EXERCISE AIM
In the copy, include no pictures, but reproduce every record exactly.

(TASK DATA begins)

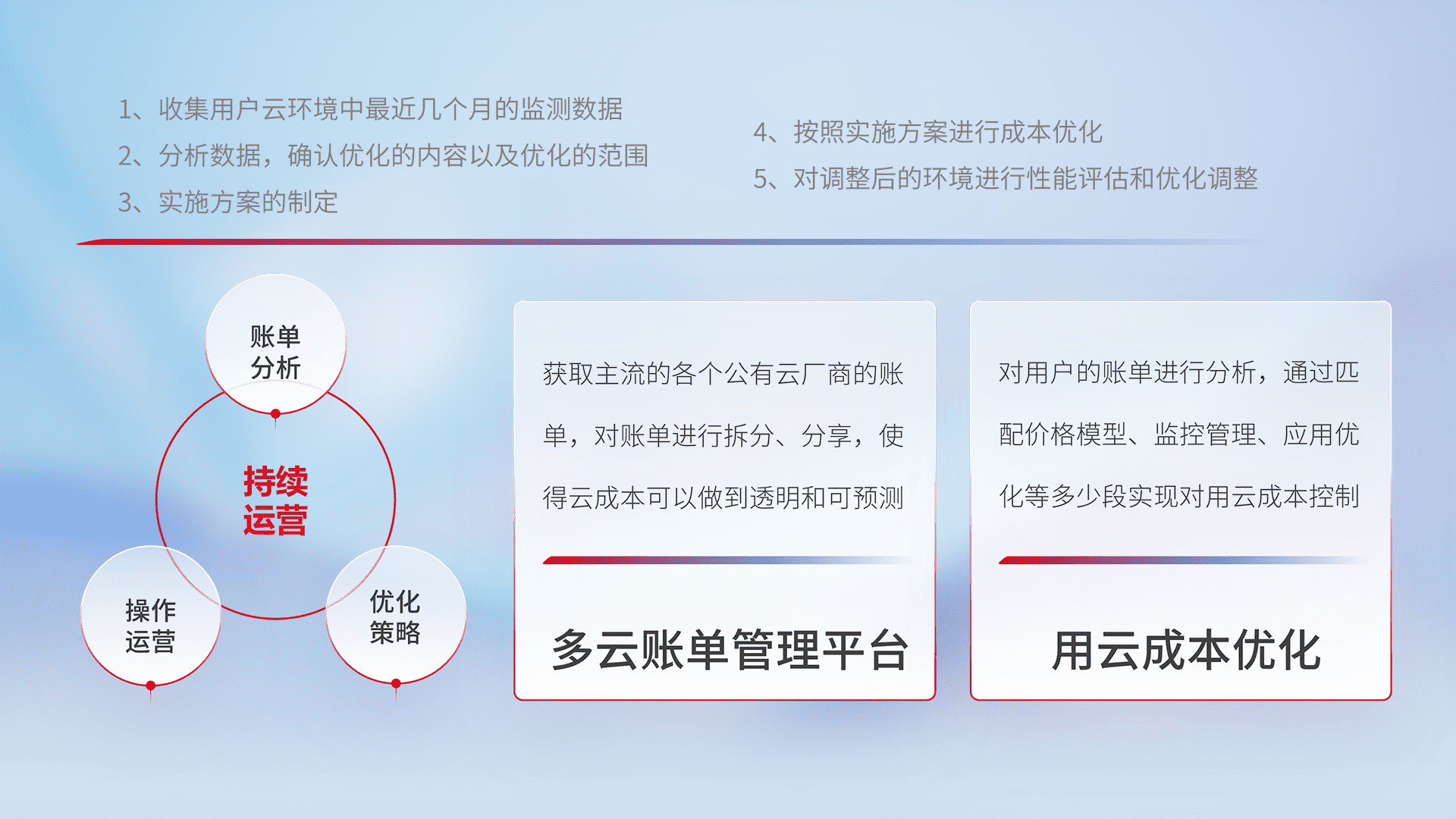 通过多云纳管,,以统一的资源数据模型把客户的云资源进行抽象和封装,,,进而实现对多云资源的统一操作,,,保障云资源管理的可靠性、、、稳定性与可用性。。量身定制化运维内容,,,配置、、开发运维、、、、补丁管理、、、备份、、、监控、、认证和访问管理、、、、审计和日常巡检等,,,保障在用云过程中的可靠度,,稳定度以及高可用率。。。。
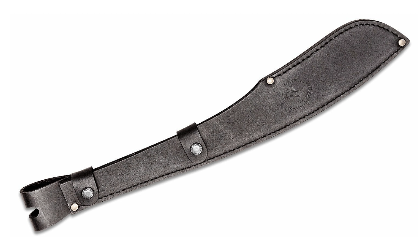 Mânerul din lemn tare, cu capăt lărgit, oferă prindere sigură și control asupra uneltei chiar și la lovituri puternice. Pachetul include un toc solid din piele, cu buclă pentru curea, pentru purtare sigură și confortabilă.
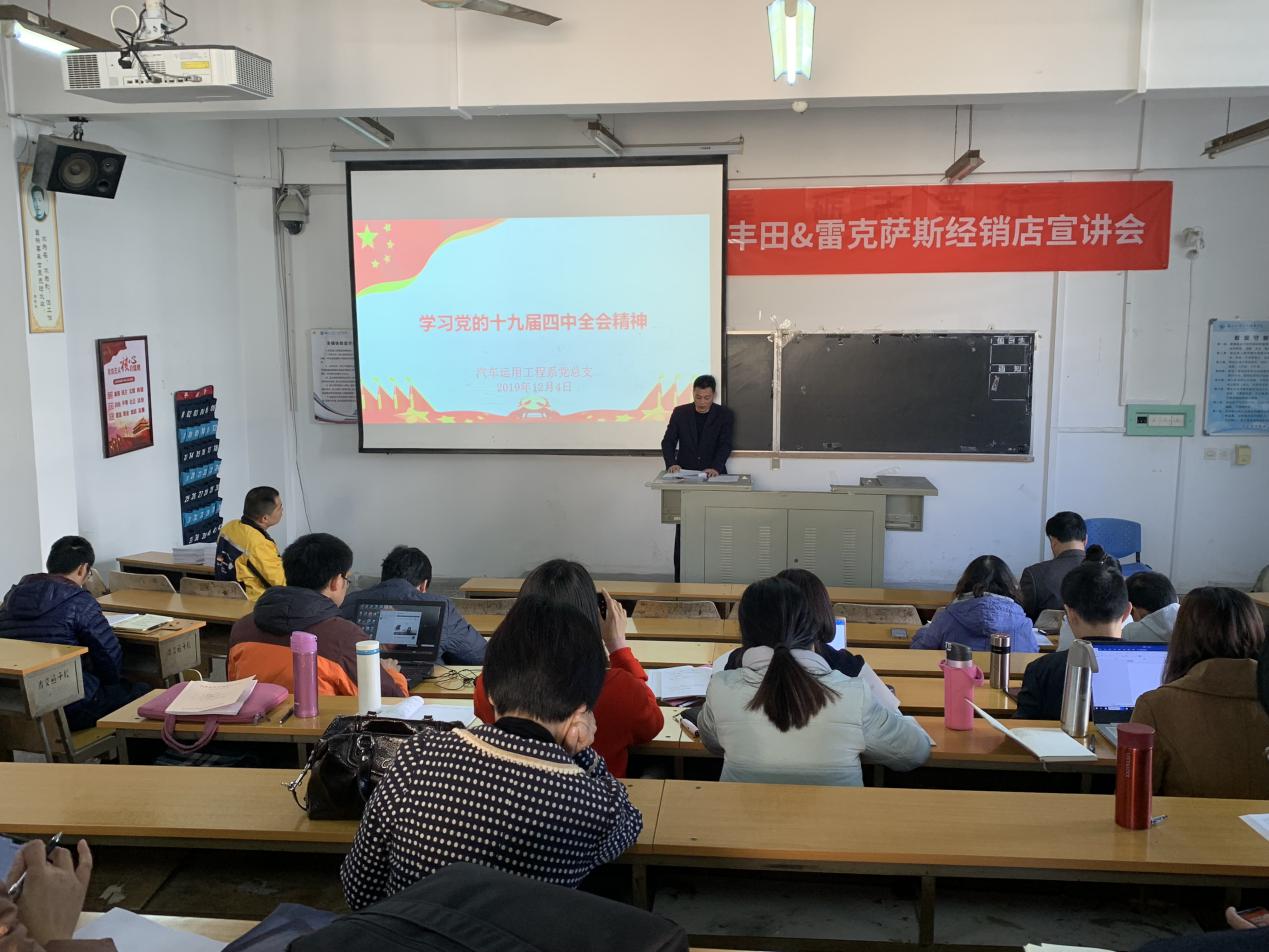 為深入學(xué)習(xí)貫徹習(xí)近平新時代中國特色社會主義思想和黨的十九屆四中全會精神,汽車運用工程系黨總支蔡華錦書記組織全體黨員于2019年12月4日在汽車系第二階梯教室學(xué)習(xí)黨的十九屆四中全會精神會議。
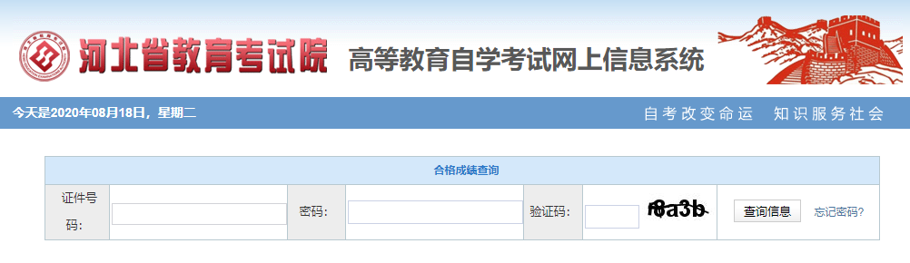 2、輸入個人證件號、系統登錄密碼及驗證碼,點擊“查詢信息”即可查詢河北省自考全部合格成績。
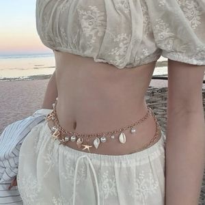 ボヘミアンサマービーチシェルウエストチェーン海辺旅行模造真珠ヒトデ巻貝ペンダントボディチェーンヨーロッパとアメリカ
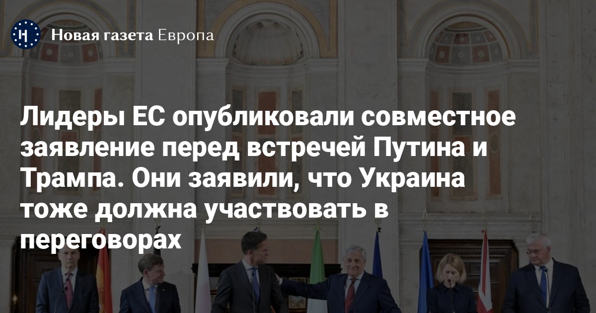 Лидеры ЕС опубликовали совместное заявление перед встречей Путина и Трампа. Они заявили, что Украина тоже должна участвовать в переговорах
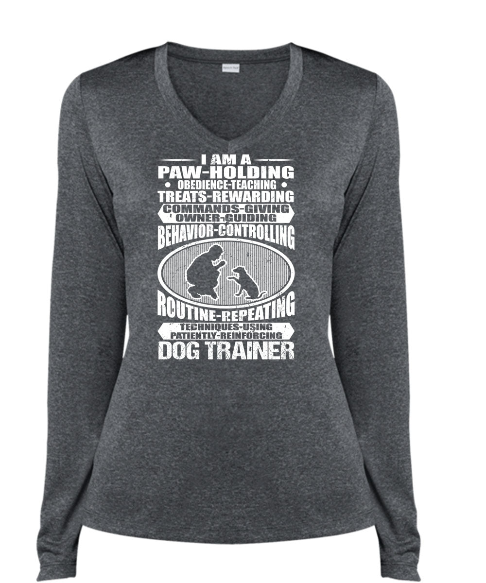 Dog Trainer T Shirt, I Am A Paw Holding T Shirt, Cool Shirt (Ladies LS Heather V-Neck)
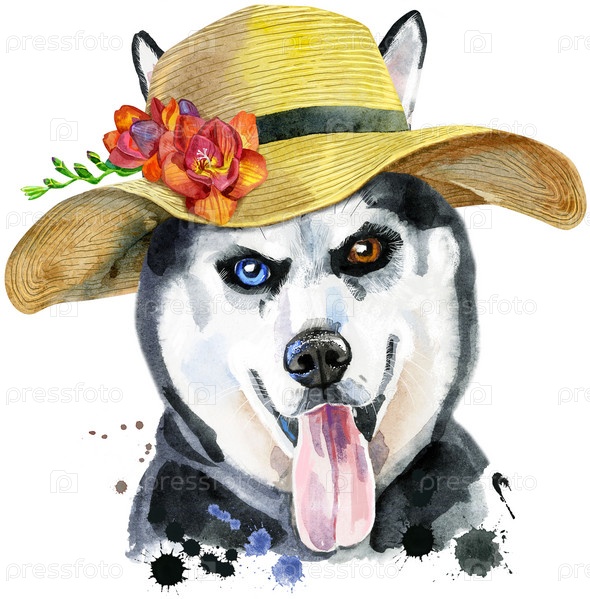 Акварельный портрет хаски в летней шляпе с фрезией
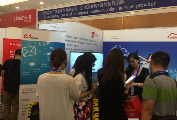 為了更好的參加此次中國互聯網大會,向社會展示企業統一通信及高效企業管理的創新服務,北京二六三企業通信可謂是下足了功夫。大會現場企業工作人員通過視頻海報展示、人員解說和實際操作等形式,整體展示了二六三企業通信三大產品業務:263云通信、263企業郵箱、263企業會議。吸引了大量參展/參觀人員前來駐足觀看詢問,其中還有不少企業表達了合作的意愿。
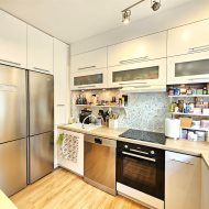 Łazienka po remoncie. W pokojach na podłodze panele. W cenie mieszkania pozostaje zabudowa kuchenna ze sprzętem AGD (piekarnik, płyta indukcyjna, zmywarka i pochłaniacz) oraz stałe zabudowy w pozostałych pomieszczeniach.
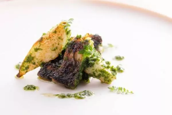鰻の白焼きをマコモ茸と共に木の芽仕立てジェノゥェーゼであえた一皿
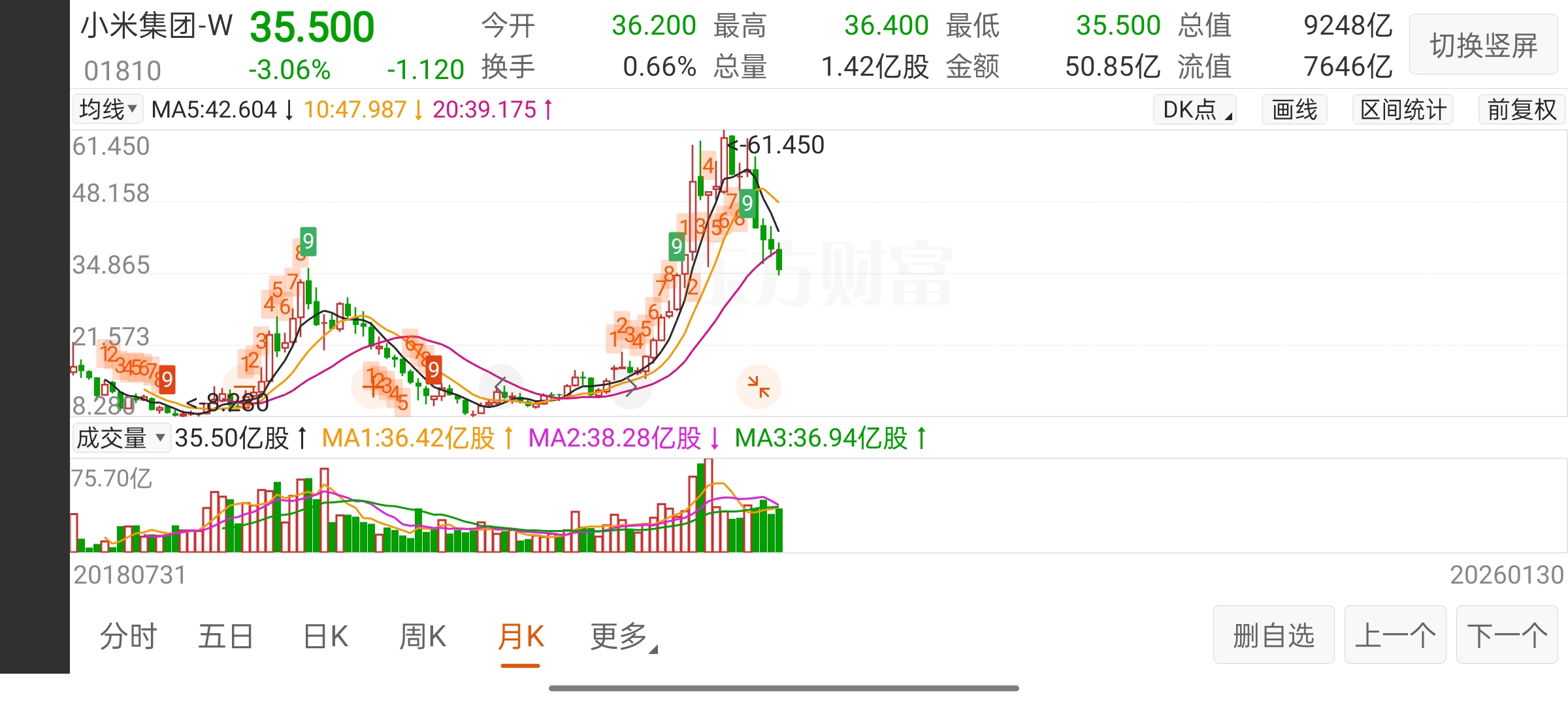 $小米集团-W(HK|01810)$ 从趋势来看最少还得跌6,7个月10至11元左右企稳
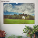 Poster featuring a vintage style photo of mountain landscape. Majestic white clouds, blue mountains peaks, astronomical observatory, forest and green meadow. Stylish gift for outdoor enthusiasts, dreamers and adventures seekers. This poster will be a stylish addition to your your living or working space. It will fit in perfectly with most interior design styles. You can delete the text "The road doesn’t tell the traveler what lies ahead"
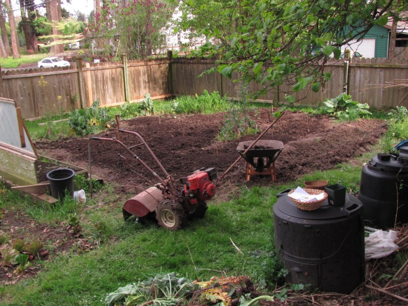 Next is the squash patch. There are still some cauliflower and kale growing there. The kale provide snacks as I till the ground around them. They don’t have much time left, but I manage to build my squash pattern, squeezed to six feet between hills in all directions, such that they can stay a little longer. I get twelve squash hills in this corner of the garden. Not bad, but not enough.
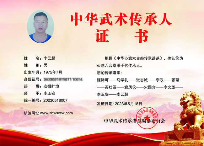 李云超,1975年生,安徽蚌埠人,师承李玉安——心意六合拳第十代传人,武术协会理事成员,荣获优秀教练员荣誉称号。
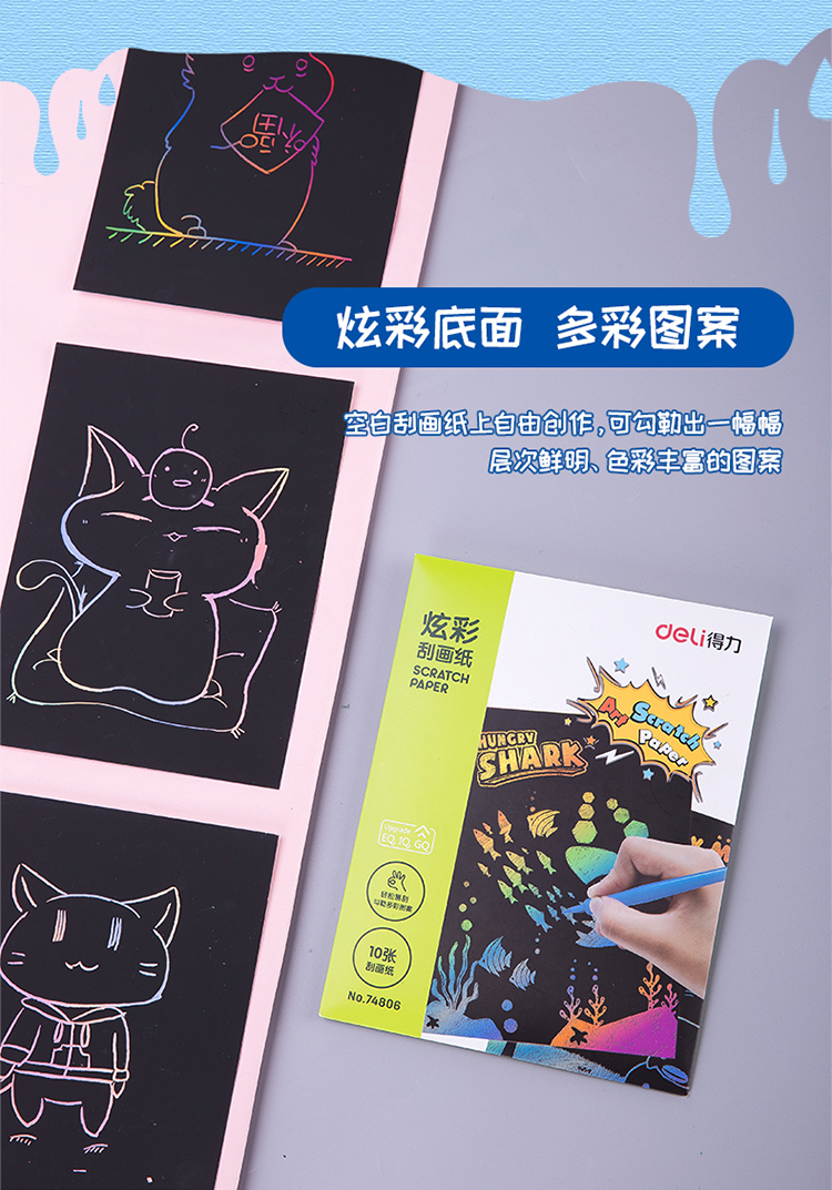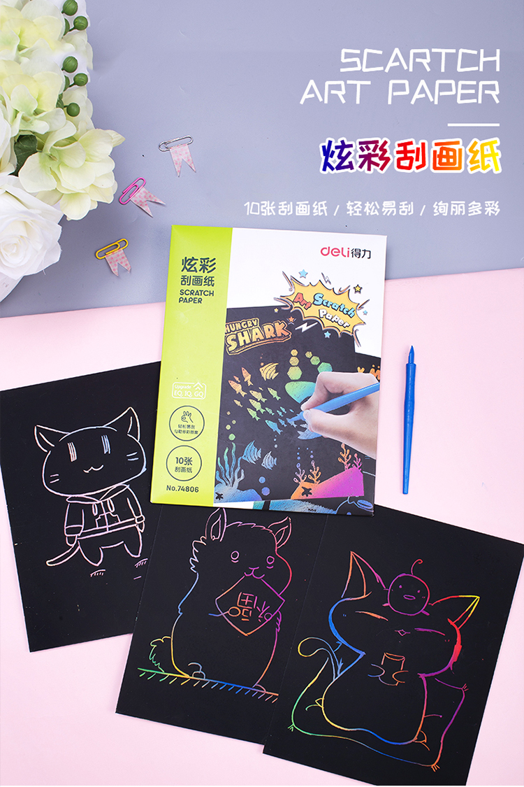 京东自营得力(deli)10张/15*20cm炫彩学生刮画纸 手工绘画 创意DIY玩具74806
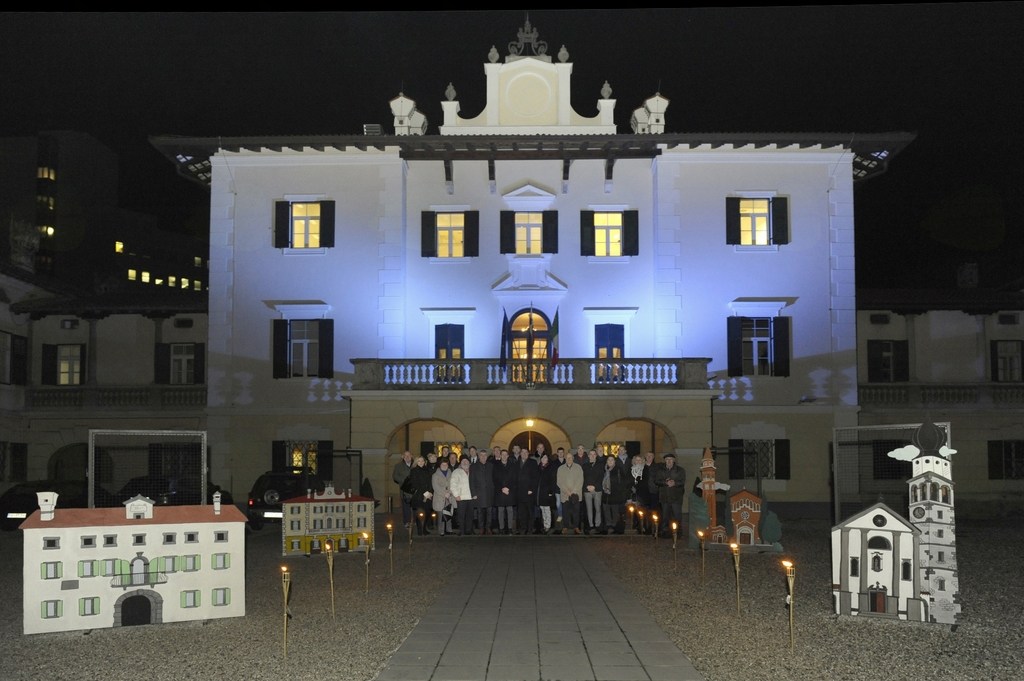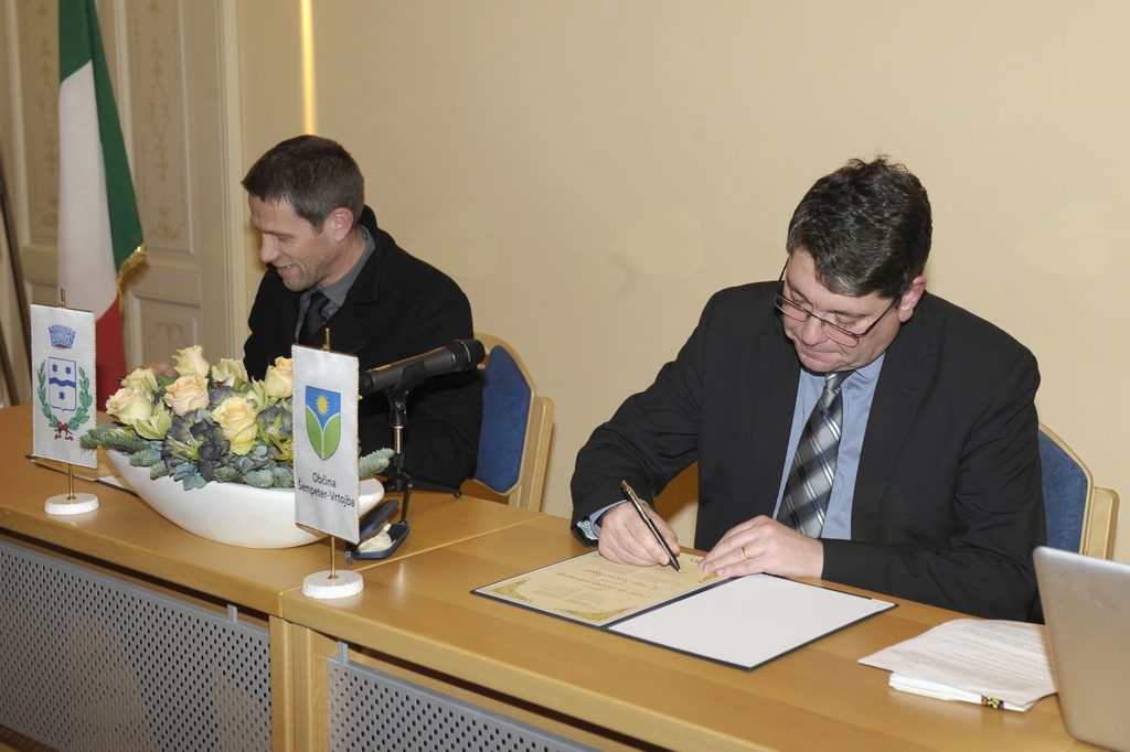 in Davide Furlan v Coroninijevem dvorcu v prepričanju, da izpolnjujeta pričakovanja naših občank in občanov, z željo poglobiti dolgoletne vezi, s podpisom listine obnovila pobratenje, ki med krajema Šempeter pri Gorici in Romans d'Isonzo traja že dolgih 30, med občinama pa 10 let.

(TASK DATA ends)

SOLUTION TO THIS PROBLEM
 通过多云纳管,,以统一的资源数据模型把客户的云资源进行抽象和封装,,,进而实现对多云资源的统一操作,,,保障云资源管理的可靠性、、、稳定性与可用性。。量身定制化运维内容,,,配置、、开发运维、、、、补丁管理、、、备份、、、监控、、认证和访问管理、、、、审计和日常巡检等,,,保障在用云过程中的可靠度,,稳定度以及高可用率。。。。
 Mânerul din lemn tare, cu capăt lărgit, oferă prindere sigură și control asupra uneltei chiar și la lovituri puternice. Pachetul include un toc solid din piele, cu buclă pentru curea, pentru purtare sigură și confortabilă.
 為深入學(xué)習(xí)貫徹習(xí)近平新時代中國特色社會主義思想和黨的十九屆四中全會精神,汽車運用工程系黨總支蔡華錦書記組織全體黨員于2019年12月4日在汽車系第二階梯教室學(xué)習(xí)黨的十九屆四中全會精神會議。
 2、輸入個人證件號、系統登錄密碼及驗證碼,點擊“查詢信息”即可查詢河北省自考全部合格成績。
 ボヘミアンサマービーチシェルウエストチェーン海辺旅行模造真珠ヒトデ巻貝ペンダントボディチェーンヨーロッパとアメリカ
 Лидеры ЕС опубликовали совместное заявление перед встречей Путина и Трампа. Они заявили, что Украина тоже должна участвовать в переговорах
 Dog Trainer T Shirt, I Am A Paw Holding T Shirt, Cool Shirt (Ladies LS Heather V-Neck)
 Акварельный портрет хаски в летней шляпе с фрезией
 為了更好的參加此次中國互聯網大會,向社會展示企業統一通信及高效企業管理的創新服務,北京二六三企業通信可謂是下足了功夫。大會現場企業工作人員通過視頻海報展示、人員解說和實際操作等形式,整體展示了二六三企業通信三大產品業務:263云通信、263企業郵箱、263企業會議。吸引了大量參展/參觀人員前來駐足觀看詢問,其中還有不少企業表達了合作的意愿。
 Łazienka po remoncie. W pokojach na podłodze panele. W cenie mieszkania pozostaje zabudowa kuchenna ze sprzętem AGD (piekarnik, płyta indukcyjna, zmywarka i pochłaniacz) oraz stałe zabudowy w pozostałych pomieszczeniach.
鰻の白焼きをマコモ茸と共に木の芽仕立てジェノゥェーゼであえた一皿
 $小米集团-W(HK|01810)$ 从趋势来看最少还得跌6,7个月10至11元左右企稳
 Poster featuring a vintage style photo of mountain landscape. Majestic white clouds, blue mountains peaks, astronomical observatory, forest and green meadow. Stylish gift for outdoor enthusiasts, dreamers and adventures seekers. This poster will be a stylish addition to your your living or working space. It will fit in perfectly with most interior design styles. You can delete the text "The road doesn’t tell the traveler what lies ahead"
 Next is the squash patch. There are still some cauliflower and kale growing there. The kale provide snacks as I till the ground around them. They don’t have much time left, but I manage to build my squash pattern, squeezed to six feet between hills in all directions, such that they can stay a little longer. I get twelve squash hills in this corner of the garden. Not bad, but not enough.
 李云超,1975年生,安徽蚌埠人,师承李玉安——心意六合拳第十代传人,武术协会理事成员,荣获优秀教练员荣誉称号。
 京东自营得力(deli)10张/15*20cm炫彩学生刮画纸 手工绘画 创意DIY玩具74806
 in Davide Furlan v Coroninijevem dvorcu v prepričanju, da izpolnjujeta pričakovanja naših občank in občanov, z željo poglobiti dolgoletne vezi, s podpisom listine obnovila pobratenje, ki med krajema Šempeter pri Gorici in Romans d'Isonzo traja že dolgih 30, med občinama pa 10 let.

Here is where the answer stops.